David Zaslav-led company ‘unanimously reiterates’ support for Netflix deal

Warner Bros. Discovery (WBD) has urged shareholders to reject Paramount Skydance’s latest offer to buy the US studio, despite a $40bn (£29.9bn) personal guarantee from Larry Ellison.
The Oracle founder, father of Paramount Skydance chief exec David Ellison, agreed in late December to provide the hefty backstop in an attempt to persuade investors to eschew Netflix’s proposal to buy the studio and streaming assets in favour of Paramount’s attempt to acquire the entire company.
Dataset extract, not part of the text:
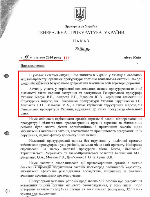 Хорошо, если ГПУ плевать на закон, то как она объяснит тот факт, что столичной прокуратурой руководит человек, поощрённый Пшонкой (внимание!) 19 февраля 2014 года "за активное участие в решении неотложных вопросов прокурорской деятельности в условиях сложной ситуации, которая возникла в Украине в связи с массовыми акциями протеста"?!

That move came after WBD said that the backstop provided by the Ellison family trust – which was included in Paramount’s 4 December proposal to WBD and the 8 December tender offer to WBD shareholders – was inadequate, and that the only fix would be a personal guarantee from the billionaire father of Paramount chief executive David Ellison.
That, however, has not persuaded the WBD board to change its decision to favour Netflix, with the HBO owner confirming today that it has “unanimously determined” that Paramount Skydance’s amended offer ”is not in the best interests” of the company or its shareholders.
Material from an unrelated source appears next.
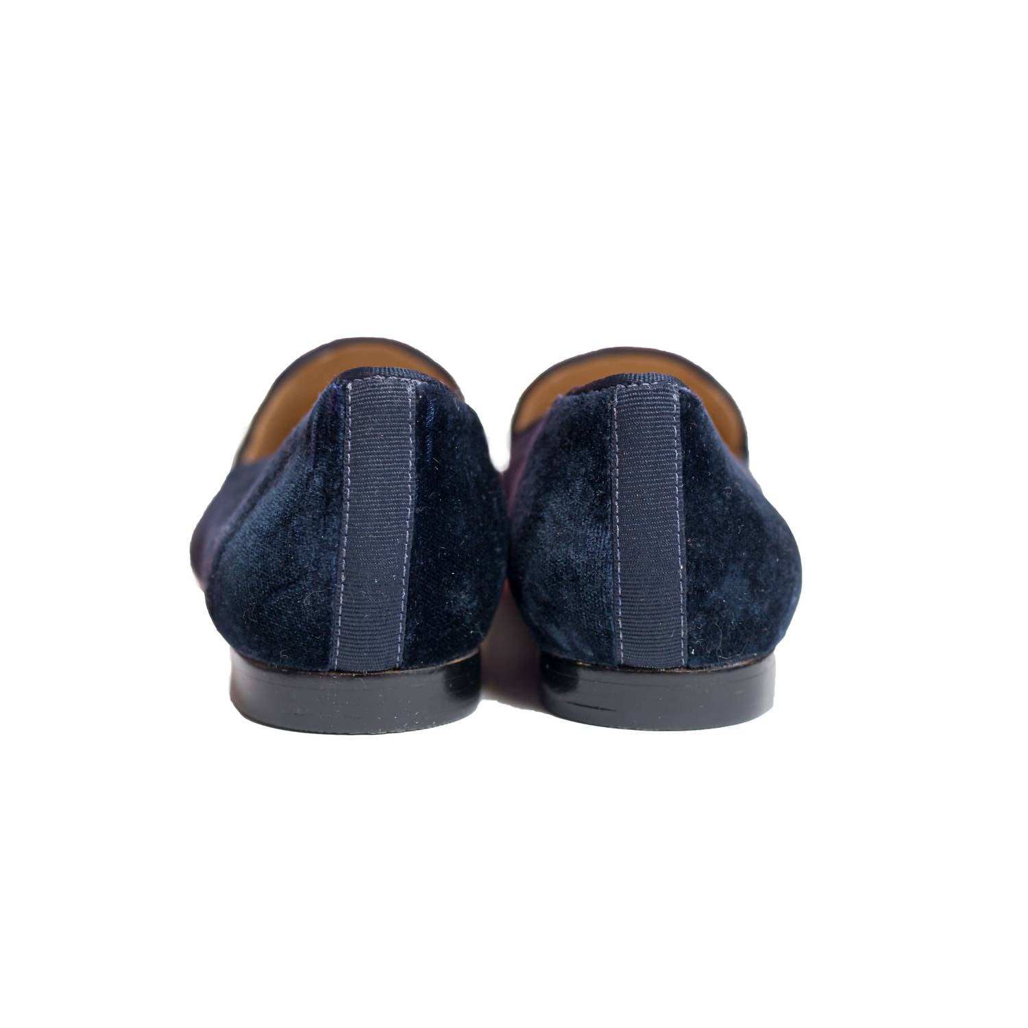 .75 inch Leather Stack Heel. Sagittarius slipper features rich Sapphire Italian Cotton-Velvet with matching grosgrain trim and our Zodiac themed. Sagittarius embroidery. Napa Leather Lining for additional support and comfort. Leather Sole. Velvet treated to be water repellant

‘Costs, risks and uncertainties’
In a letter to investors, the WBD board wrote that Paramount Skydance’s all-cash offer of $30 per share – valuing the entirety of WBD at $108bn – is “inferior given significant costs, risks and uncertainties as compared to the Netflix merger.”
The streamer’s 5 December deal struck with WBD would see Netflix acquire its film and television studios, HBO Max and HBO, but not Discovery Global. The agreement is a cash and stock transaction valued at $27.75 per WBD share, with a total enterprise value of $82.7bn.
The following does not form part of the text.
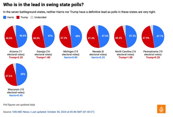 Biên độ của cả hai ứng cử viên đều nằm trong biên độ sai số trung b́nh của các cuộc thăm ḍ, nghĩa là một trong hai ứng cử viên có khả năng dẫn đầu. Trong khi hầu hết các cuộc thăm ḍ cho thấy Harris đang dẫn trước trong cuộc bỏ phiếu toàn quốc, th́ hai ứng cử viên này lại rất cân sức ở các tiểu bang dao động.

WBD’s statement today claimed that the Elllison-led company’s revised offer did not meet the criteria of a “superior proposal” to Netflix’s, pointing to what it termed as “an extraordinary amount of debt financing” that could create a risk that the deal would not be completed.
WBD’s board pointed to Paramount Skydance – with a market cap of $14bn – “attempting an acquisition requiring $94.65bn of debt and equity financing,” versus Netflix’s $400bn market cap and a better credit rating.
Shareholders would also benefit from ownership in Discovery Global if the Netflix deal is completed, WBD said, but Paramount Skydance disputes the value placed against the cable network-dominated offshoot.
NBCUniversal recently spun off its cable operations into standalone entity Versant, but shares have shed more than 20% of their value since trading began earlier this year.
WBD’s letter also highlighted that terminating the Netflix deal ($2.8bn), debt exchange charges ($1.5bn), and additional interest ($350m) would cost shareholders approximately $4.7bn.
That would largely negate the fact that Paramount Skydance agreed to match Netflix’s termination fee of $5.8bn late last year, WBD said.
‘Best and final’ offer dispute
WBD’s rejection of Paramount Skydance’s latest revised offer comes three weeks after the company urged shareholders to support the Netflix buy-out.
At that time, the HBO owner’s board described the Paramount offer as “illusory” and doubled down on that language in today’s letter.
“Paramount Skydance has repeatedly failed to submit the best proposal for WBD shareholders despite clear direction from WBD on both the deficiencies and potential solutions,” the board wrote.

“The WBD board, management team and our advisors have extensively engaged with Paramount Skydance and its representatives and provided it with explicit instructions on how to improve each of its offers.
“Yet Paramount Skydance has continued to submit offers that still include many of the deficiencies we previously repeatedly identified to Paramount Skydance, none of which are present in the Netflix merger agreement, all while asserting that its offers do not represent its ‘best and final’ proposal.
“Paramount Skydance’s transaction team, including many of their employees, several law firms, investment and lending banks and consultants, had several months to engage extensively with WBD. They are well aware of the reasons behind the Board’s determination that the Netflix merger agreement is superior to its offer.
“If on December 4 Paramount Skydance did not recognise the weaknesses of its proposal when the Board concluded the process, it has now had several weeks to study the Netflix merger agreement and adjust its offer accordingly. Instead Paramount Skydance has, for whatever reason, chosen not to do so.”
Netflix co-chief execs, Ted Sarandos and Greg Peters, issued their own statement, adding: “The WBD Board remains fully supportive of and continues to recommend Netflix’s merger agreement, recognising it as the superior proposal that will deliver the greatest value to its stockholders, as well as consumers, creators and the broader entertainment industry.
“Netflix and Warner Bros. will bring together highly complementary strengths and a shared passion for storytelling. By joining forces, we will offer audiences even more of the series and films they love – at home and in theaters – expand opportunities for creators, and help foster a dynamic, competitive, and thriving entertainment industry.”
Paramount maintains there is a lack of clarity from the WBD board regarding the calculations through which it has concluded the Netflix offer is superior. Shareholders have until 21 January to take up the latest offer from the Ellisons.